< Job 2 >

1 Weer gebeurde het op zekere dag, dat de zonen Gods voor Jahweh verschenen, en dat ook de satan zich in hun midden bevond, en voor Jahweh stond.
Nu hændte det en Dag, at Guds Sønner kom og traadte frem for HERREN, og iblandt dem kom ogsaa Satan og traadte frem for ham.
2 En Jahweh sprak tot satan: Waar komt ge vandaan? Satan gaf Jahweh ten antwoord: Van een zwerf- en speurtocht over de aarde.
HERREN spurgte Satan: »Hvor kommer du fra?« Satan svarede HERREN: »Jeg har gennemvanket Jorden paa Kryds og tværs.«
3 Jahweh vroeg satan: Hebt ge daarbij gelet op mijn dienaar Job, en hoe er op aarde zijns gelijke niet is: geen zo onberispelijk en rechtschapen, geen die God vreest en het kwaad schuwt, als hij. Nog blijft hij volharden in zijn deugd; tevergeefs hebt ge Mij dus tegen hem opgehitst, om hem tot de bedelstaf te brengen.
HERREN spurgte da Satan: »Har du lagt Mærke til min Tjener Job? Der findes ingen som han paa Jorden, saa from og retsindig en Mand, som frygter Gud og viger fra det onde. Endnu holder han fast ved sin Fromhed, og uden Grund har du ægget mig til at ødelægge ham!«
4 Maar Satan gaf Jahweh ten antwoord: Huid voor huid tenslotte geeft de mens al, wat hij heeft, voor zijn leven.
Men Satan svarede HERREN: »Hud for Hud!

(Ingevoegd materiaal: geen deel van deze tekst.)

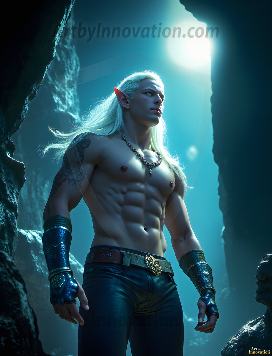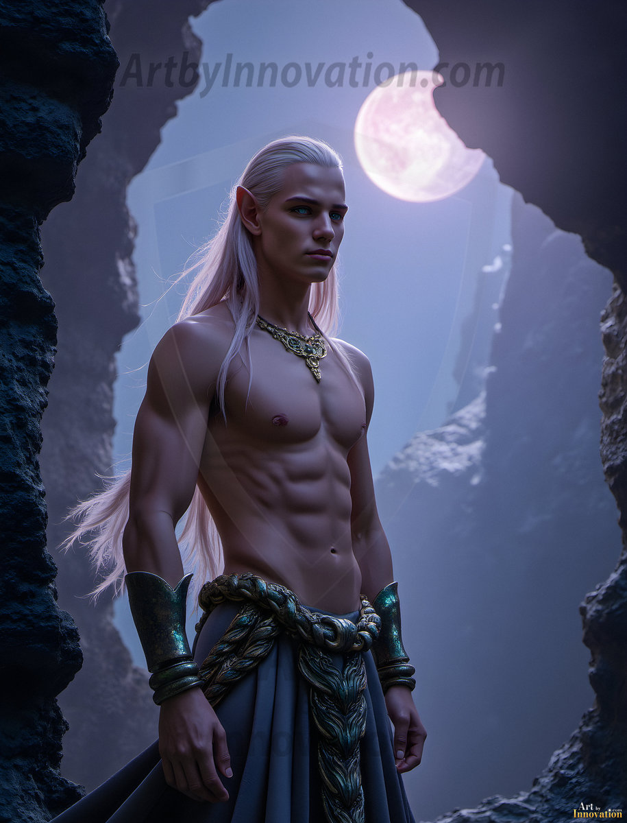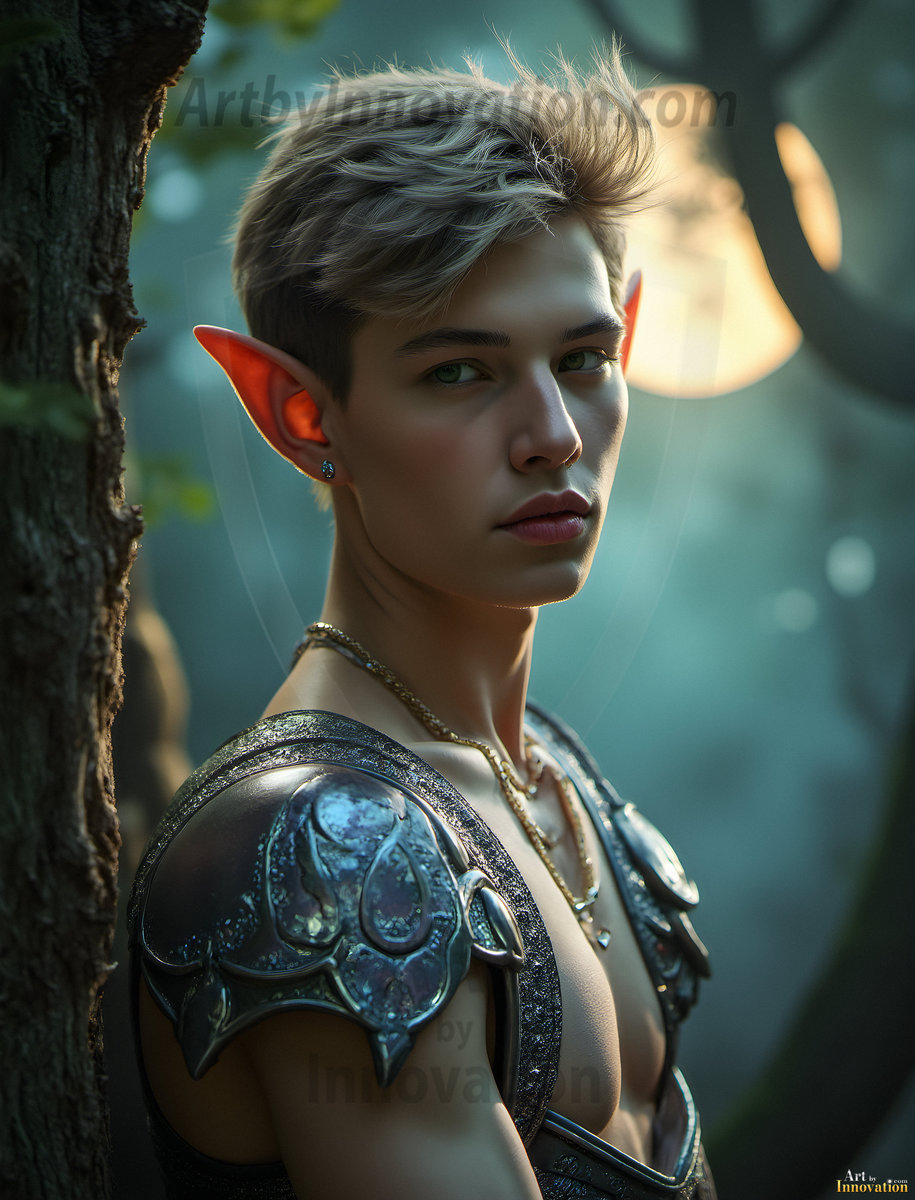 Step into an enchanted realm where magic and beauty meet. This collection of AI-generated male elf art features handsome, powerful elven warriors and mystics set against breathtaking fantasy landscapes — moonlit forests, ancient ruins, and shimmering magical realms. Each image was crafted using Flux.1 and ComfyUI, bringing the elegance and mystique of elven culture to vivid, ultra-high-definition life. Created by © Jeff Dupler | Art by Innovation | https://www.artbyinnovation.com
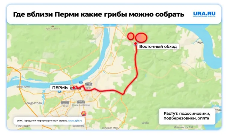 Если не иметь больших амбиций, но очень хотеть грибов, то их всегда можно найти в небольшом количестве на Восточном обходе Перми. Ориентироваться стоит на СНТ «Солнечный». Неподалеку от него с обеих сторон трассы грибники оставляют свои авто и удаляются в лес, откуда возвращаются с уловом подосиновиков и подберезовиков. Здесь же можно найти опята, но растет их не так много, как хотелось бы.

En Mand giver alt, hvad han ejer, for sit Liv!
5 Strek uw hand eens tegen hem uit, en tast hem eens aan in zijn gebeente en vlees: dan vloekt hij U in het aangezicht!
Men ræk engang din Haand ud og rør ved hans Ben og Kød! Sandelig, han vil forbande dig lige op i dit Ansigt!«
6 Daarop sprak Jahweh tot satan: Ge moogt met hem doen, wat ge wilt; maar zijn leven moet ge ontzien.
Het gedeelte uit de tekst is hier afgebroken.